Я пасу облака - Патти Смит 2 стр.


Необычный узелок всегда был моим утешением, моей приятной ношей. Вот только я обнаружила — глупо привязываться к лежащим в нем памятным вещам. Стоило мне особо выделить какую-то вещь, как либо я ее куда-то задеваю, либо она сама куда-то денется.


Тибетская чаша, Патти Смит. Предоставлено автором фото.


У меня был рубин. Несовершенный, красивый: ограненная кровь. Родом из Индии, где океан выбрасывает рубины на берег. Тысячи рубинов — бусинки скорби. Маленькие капельки каким-то чудом превращаются в драгоценности; нищие собирают их и выменивают на рис. Всмотревшись в его глубины, я всякий раз отшатывалась — внутри моего сокровища скопилось столько застывших надежд и горя, что человеку и не вообразить.

Он ужасал и ободрял, и я положила его в котомку, упаковав в желтый конвертик из вощеной бумаги размером с бритвенное лезвие и той же формы. Иду куда-нибудь, по дороге остановлюсь, выну камень и смотрю на него. Так часто смотрела, что отпала необходимость видеть то, на что смотрю. Так что не могу точно сказать, когда он исчез.

Но я все еще вижу его. Вижу во лбу женщины. В яремной ямке поэта. На шее дивы и на ладони дезертира. Вижу, как он режет колючую проволоку. В капле крови на коленкоровом платье. Развязываю свой узел и вываливаю содержимое на распаханную землю. Ничего — старая ложка, птичье перо, обломки карманной рации. Расстилаю ткань, ложусь отдохнуть, отдышаться: вдохи долгие, как борозды на поле. Словно пытаюсь утихомирить духов: не копошитесь, не гремите.

В окружении немыслимой ночи. Все вокруг упруго. Небо — глубокая, тревожная роза. Я чувствую пыль Калькутты, мертвые глаза Бхопала. Вижу, как молитвенные флаги трепещут, словно рваные носки, на теплом насмешливом ветру.


Позвольте предложить вам этот колокол

шепотом торговец

Огромная редкость

музейная вещь, ему цены нет

Нет, спасибо, отвечаю

Не хочу обрастать скарбом

Что вы что вы колокол отличный

Ритуального назначения

очень хороший

У меня голова — колокол

шепчу

сквозь

забинтованные пальцы

уже во сне


Декларация независимости, Патти Смит. Предоставлено автором фото.

Рисую

I

«Призраки» Эйлера[7] — скок-поскок. Чувствую: музыка расталкивает меня, словно чьи-то пальцы проделывают дерзкие дыры в частой, слабо натянутой сети.

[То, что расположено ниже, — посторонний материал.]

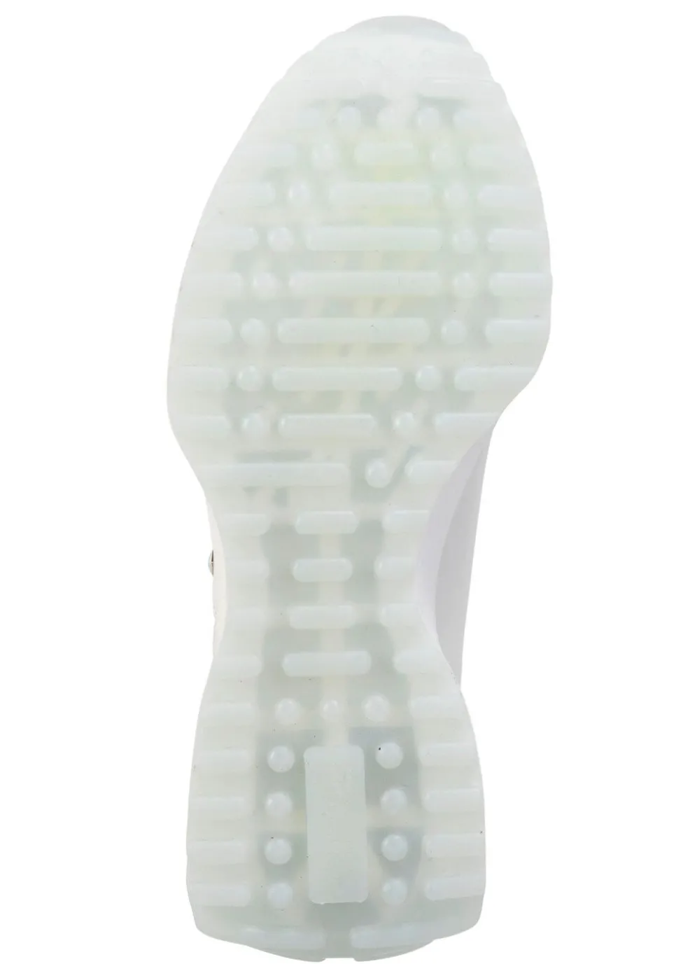 Nietenbesetzter Sneaker in Weiß-Eisgrau, aus Nappa-, Velours- und Lackleder: Weite H, Schnürung und Reißverschluss, ledergefüttertes Quartier, herausnehmbares Lederfußbett, TR-Luftpolster-Profilsohle sowie 15 mm Keilabsatz

На полу свалены словари — испанский, арабский… пузырьки чернил, листы веленевой бумаги, диски фирмы ESP,[8] карандаши, лоскутки в блестках и «Стихи миллионера».[9] Строительный мусор поэта. Улов сумасшедшей, который я разбираю глухими ночами.

Документ, покоробившийся от жары, — лист пергамента с факсимиле Декларации независимости. Трофей третьеклассницы из экспедиции в Институт Франклина в 1955 году. Одно из моих величайших сокровищ. Дерзкое изящество почерка интриговало меня, и в детстве я потратила немало часов, копируя его — облик слов, облик подписей — на длинных бумажных свитках. Вообразила: если овладею в совершенстве этим почерком, то обрету хотя бы частицу духа автора, духа самой Независимости.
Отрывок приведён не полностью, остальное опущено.